Lo: I don’t think there’s ever a solution in terms of navigating the grey [areas] but there are definitely ways to help you do it better. There are so many communities in China of different startups. I think finding connections and inroads to talk to these people is very important because these China startup communities will have valuable experience to share and often very happy to share this to the community.
Obviously, I think there are certain businesses that are more sensitive than others. For example, LinkedIn [being a social media company], when they went to China, their product had to adapt and localize specifically for China to make it work.
With all that said, it is not how do you avoid the grey, but it is learning and knowing the right way to scale your business, specifically in China. I think once an entrepreneur does some research they will realize it is not as difficult as it seems, given that they are well-prepped for it.
Hao: I like to think about the long-term trajectory of the Chinese domestic market. I believe the government is pro-business; they want to make sure that companies can offer quality products/services to Chinese consumers. In 2013, when we first entered China [with Airbnb], the term “sharing economy” was just burgeoning. Today, Chinese millennial travelers have embraced the practice of sharing their homes and traveling the world on Airbnb.
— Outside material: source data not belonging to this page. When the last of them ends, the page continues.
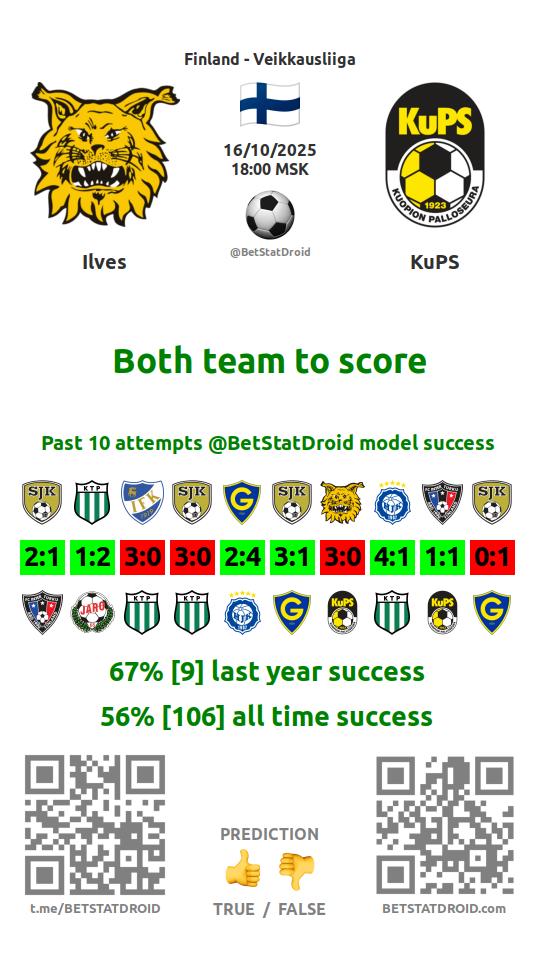 ✔ KuPS lost under 2,5 goals in each of 9 last games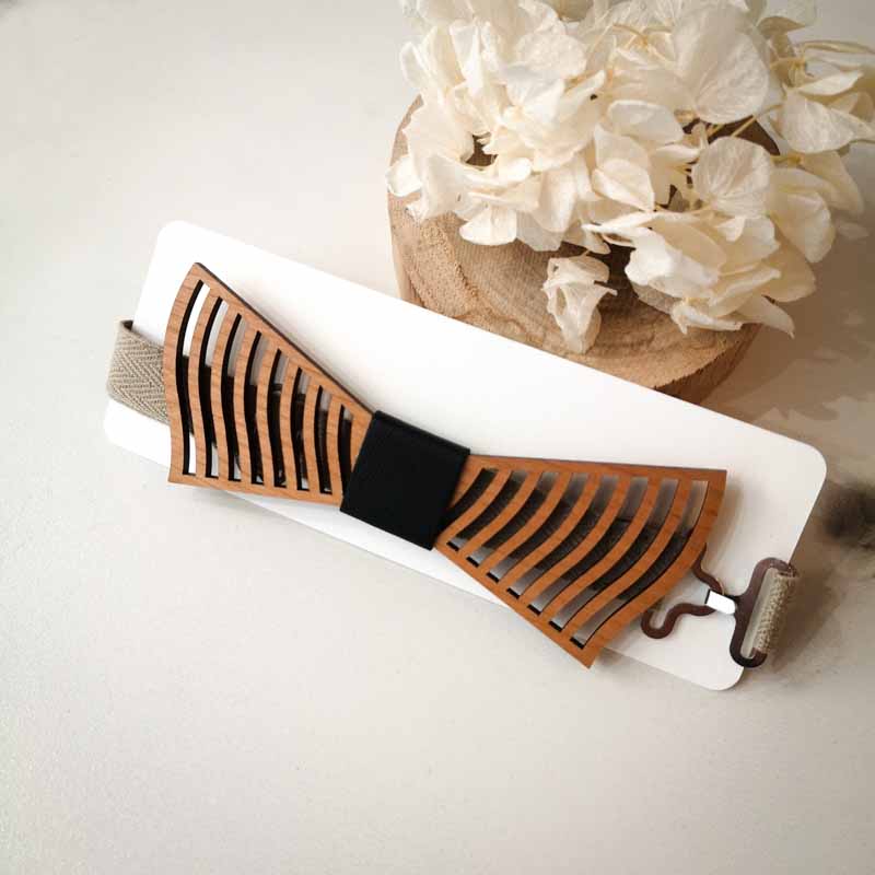 • Matériaux : bois de cerisier découpé et gravé au laser ; cuir revalorisé noir ; tour de cou en tissu beige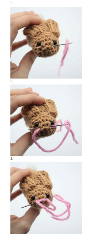 Using pink yarn and a needle, insert the needle on the right side of the face and exit under the left eye. Repeat this 2 times to create a simple, cute horizontal nose.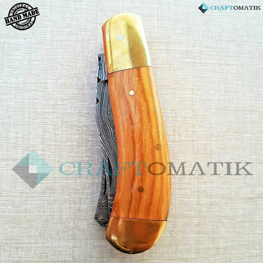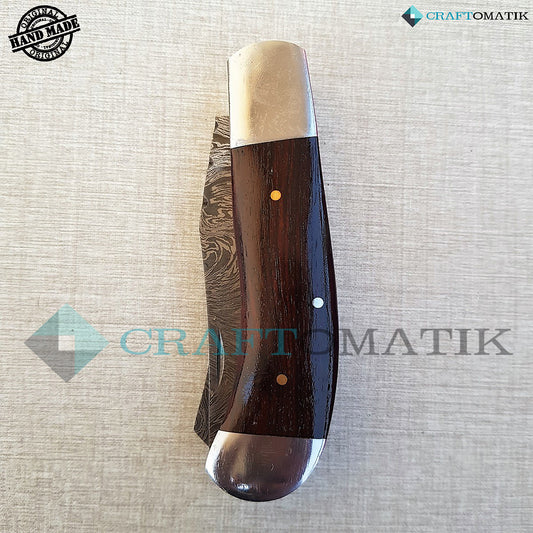 Two Blade Damascus Folding Knife | Pocket Knife Jack Knife | Rose Wood, Brass, Brass Pins Grip | Handmade Damascus Outdoor Camping Knife | FK19

With China’s One Belt One Road initiative and others, I don’t see it as a sign of making it more difficult to do business; rather, they are trying to be more incorporating. That’s a good signal.
Q: The startup and venture capital scene has been on fire in recent years. Considering the buzz to reach “unicorn” (private companies that are now worth more than US$1 billion) status and so much money floating around, many suggest there is the startup bubble. Do you think so?
Lo: I think there’s no problem for funding for good companies, for good business concepts. When people think that there’s a bubble, a lot of times I realize they forget that these people behind the investments are very well qualified people. These are really large funds that have made a lot of strong investments and generally have an overall strategy.
I’ve less to comment about the global markets and whether or not a tech bubble is forming, but I definitely think [venture] investors are getting smarter as they see more and more deals, they’re looking for businesses that generate revenue as a long-term stable business. I think as long as you are starting a business that has a solid foundation and thought out how to thrive in a good or downturn market, you don’t have to worry about the bubble if there’s one as the company will always have value.
Also, even though in the last two years venture capital funding for late-stage startups has pulled back a little bit, actually there’s more funding riding on one single company, versus before when there was a lot of cash riding on multiple companies, which means that more investors are actually consolidating into a few bets, instead of doing many, various bets.
Q: With the market craze over cryptocurrency, initial coin offerings (ICOs) emerged in 2017 as a new means for startups and projects to raise capital. Do you receive any request from your potential clients to help them conduct an ICO?
Lo: We’re not ICO experts, but we have worked with companies that have raised funding successfully through ICOs. The market is still very early, there’s a lot of bad activity happening, but there’s a lot of good companies that are going for ICO as well. I think by definition blockchain is not going anywhere. Governments have to deal with it, but no matter how hard they try, blockchain is designed to be around all over the internet.
But secondly, focus on the technology itself right there. I think many brilliant companies are solving problems by leveraging a blockchain technology or solving problems using cryptocurrency. But I think there are companies that are just involving themselves into it because there’s money involved. The latter is not the right way of doing it. I would say, ICO is for the guys that do “deep tech”. It makes perfect sense for them to do it. But I wouldn’t say that ICO applies to all companies.